● **WORK TASK**: Write out the data that follows exactly, keeping every picture out.

Extracted records
Segment Open

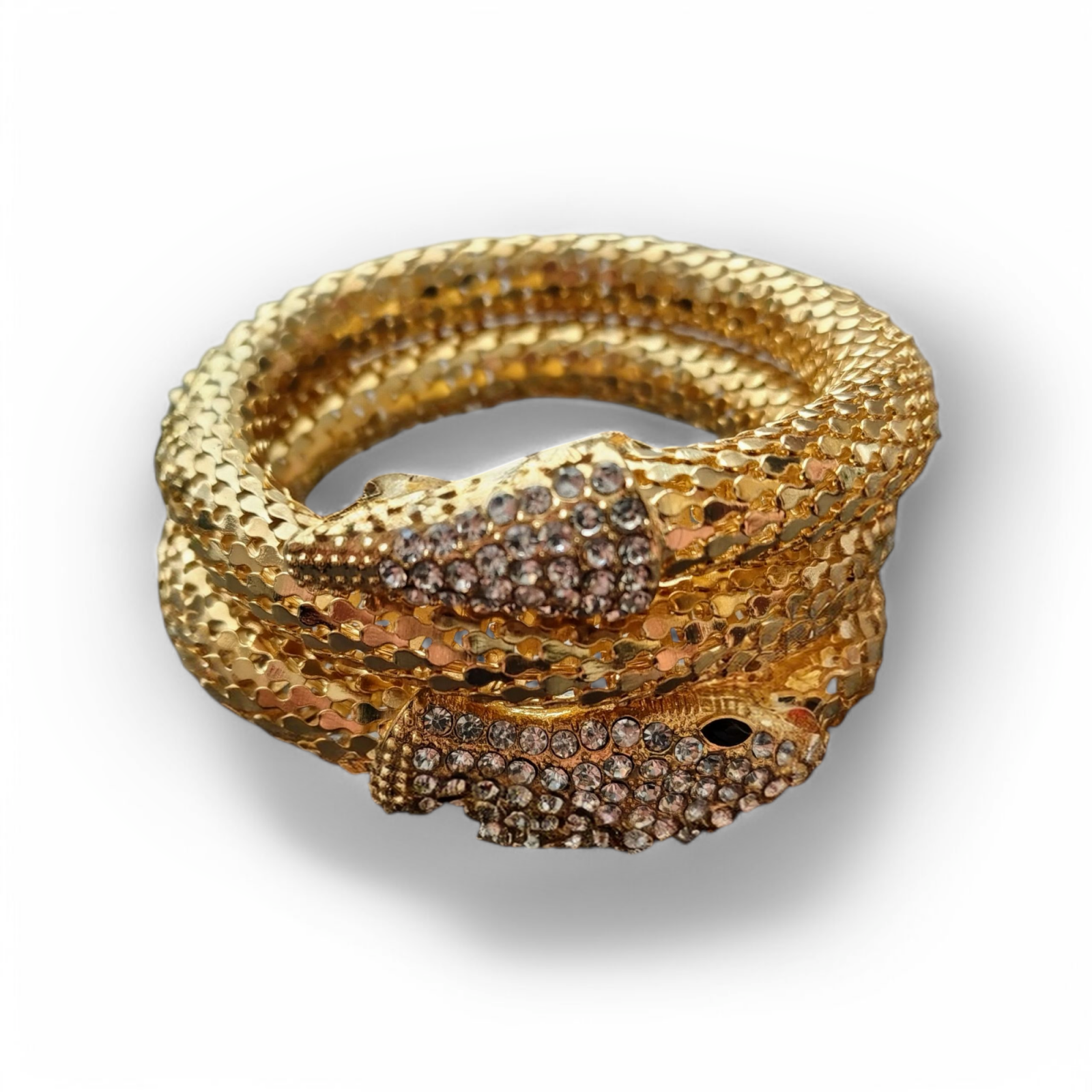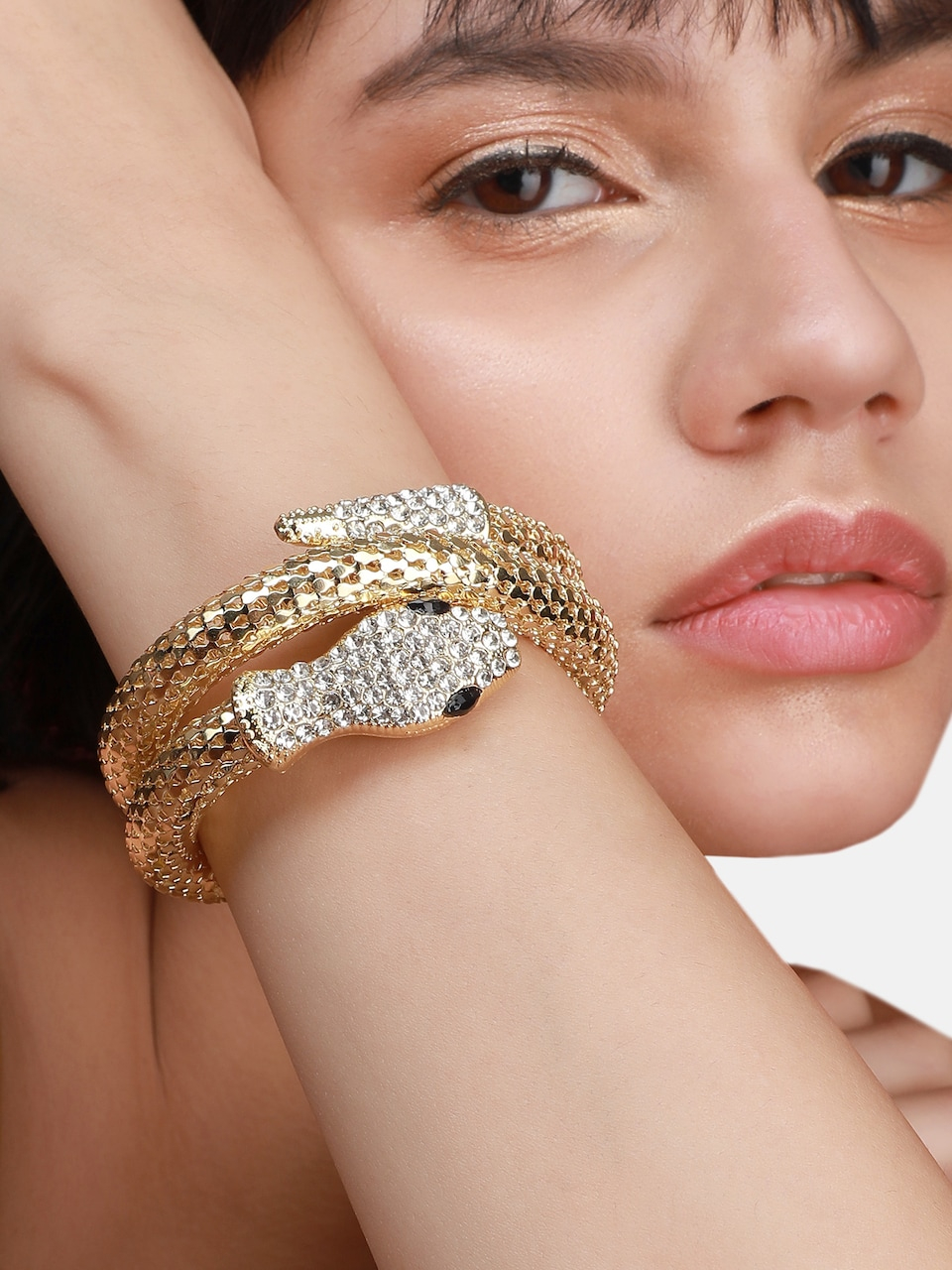Bratara Aurie Accesorizat cu Strasuri – Gold Snake este un accesoriu elegant, realizat din oțel inoxidabil aurit, cu un design deschis și modern. Perfectă pentru a adăuga o notă sofisticată oricărei ținute, de zi sau de seară. Datorită materialului rezistent, își păstrează strălucirea timp îndelungat. Se asortează ușor și este ideală pentru orice ocazie.
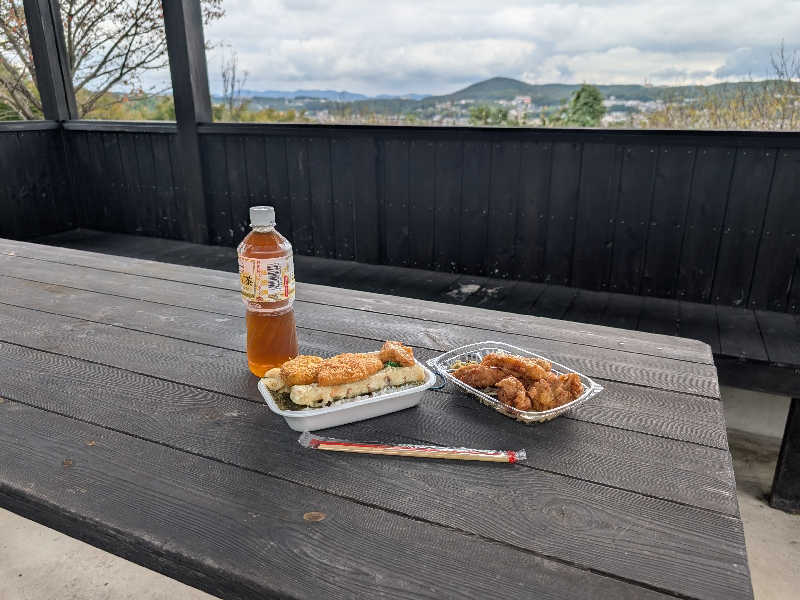 露天で秋風を浴び、休憩椅子を把握。数は多いので大丈夫👌露天からアウトレットモールが見える。露天に「漢方塩サウナ」なる気になるものが目に入りこれを〆にしようと決める
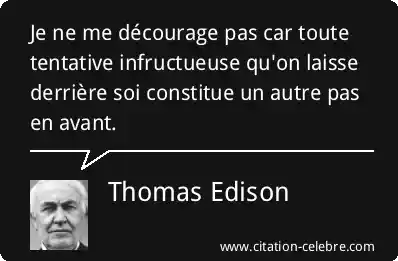 Je ne me décourage pas car toute tentative infructueuse qu'on laisse derrière soi constitue un autre pas en avant.
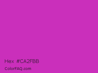 Hex #ca2fbb Color is a normal magenta color and the nearest color is Steel Pink #cc33cc. Hex code #ca2fbb and RGB value is rgb(202,47,187). In RGB color space, this color is composed of 79% red, 18% green, 73% blue, In CMYK color space, this color is composed of 0% cyan, 77% magenta, 7% yellow , 21% black , In HSL color space, this color has a hue angle of 306° , 62% saturation and 49% lightness.
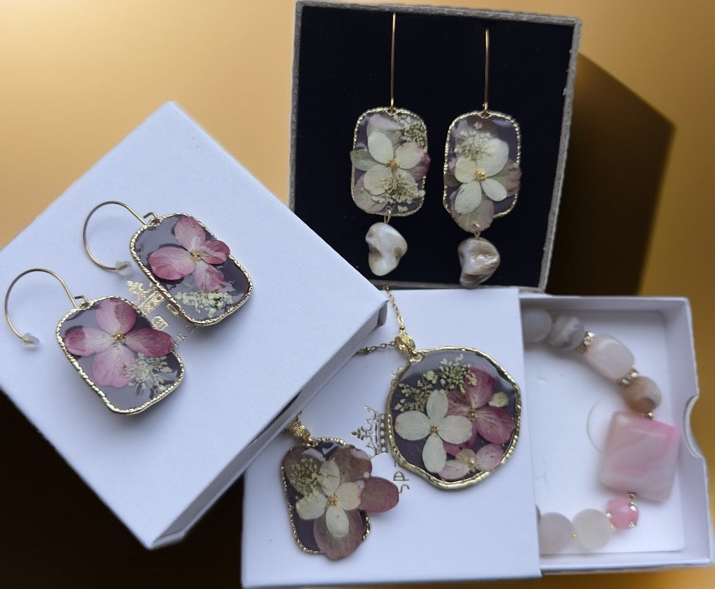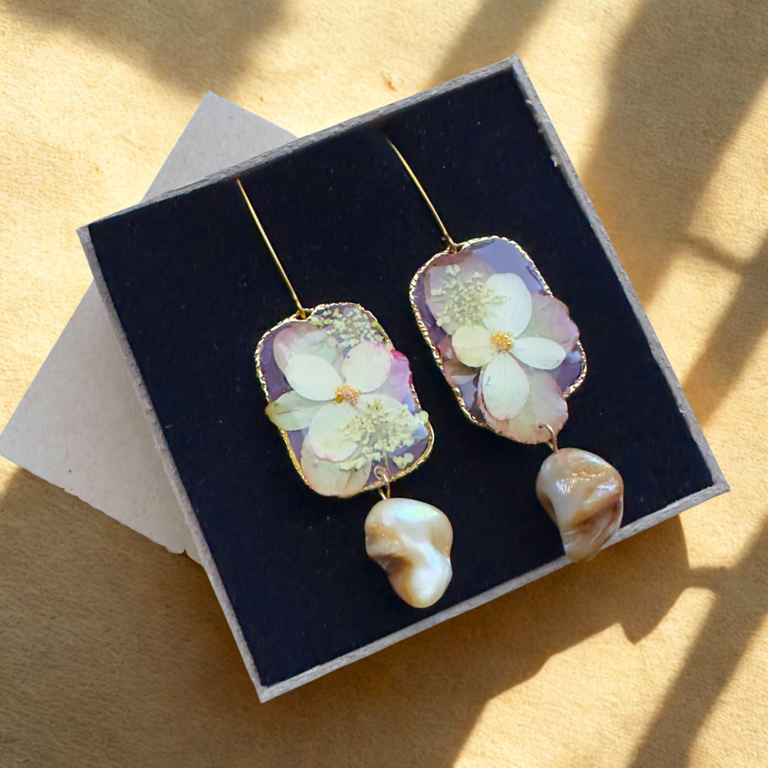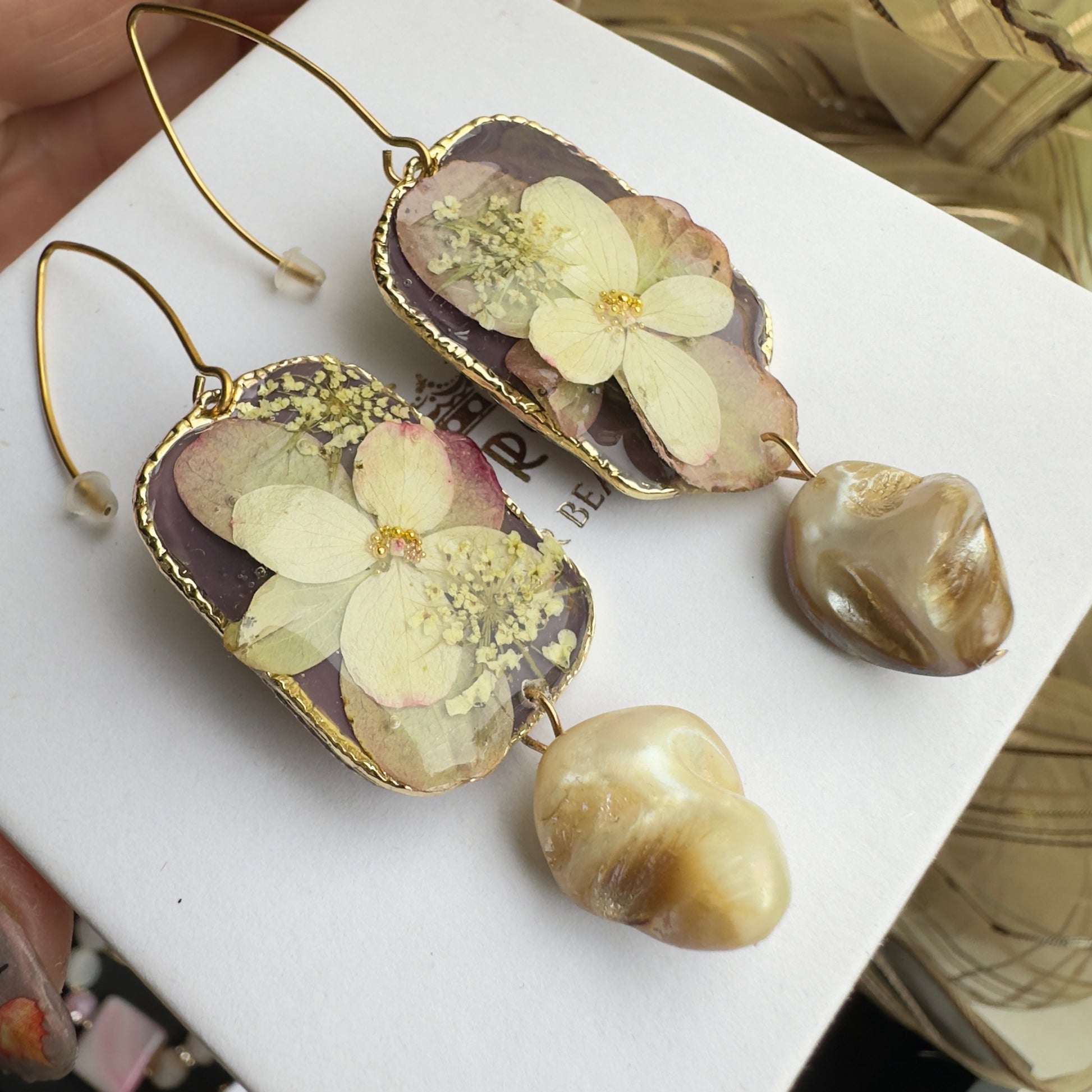Auskari izgatavoti no hortenziju ziediņiem, ietvars zelta krāsas misiņš, aizdara no nerūsējošā tērauda.

Segment Closed

● **REPLY**:
Bratara Aurie Accesorizat cu Strasuri – Gold Snake este un accesoriu elegant, realizat din oțel inoxidabil aurit, cu un design deschis și modern. Perfectă pentru a adăuga o notă sofisticată oricărei ținute, de zi sau de seară. Datorită materialului rezistent, își păstrează strălucirea timp îndelungat. Se asortează ușor și este ideală pentru orice ocazie.
 露天で秋風を浴び、休憩椅子を把握。数は多いので大丈夫👌露天からアウトレットモールが見える。露天に「漢方塩サウナ」なる気になるものが目に入りこれを〆にしようと決める
 Je ne me décourage pas car toute tentative infructueuse qu'on laisse derrière soi constitue un autre pas en avant.
 Hex #ca2fbb Color is a normal magenta color and the nearest color is Steel Pink #cc33cc. Hex code #ca2fbb and RGB value is rgb(202,47,187). In RGB color space, this color is composed of 79% red, 18% green, 73% blue, In CMYK color space, this color is composed of 0% cyan, 77% magenta, 7% yellow , 21% black , In HSL color space, this color has a hue angle of 306° , 62% saturation and 49% lightness.
Auskari izgatavoti no hortenziju ziediņiem, ietvars zelta krāsas misiņš, aizdara no nerūsējošā tērauda.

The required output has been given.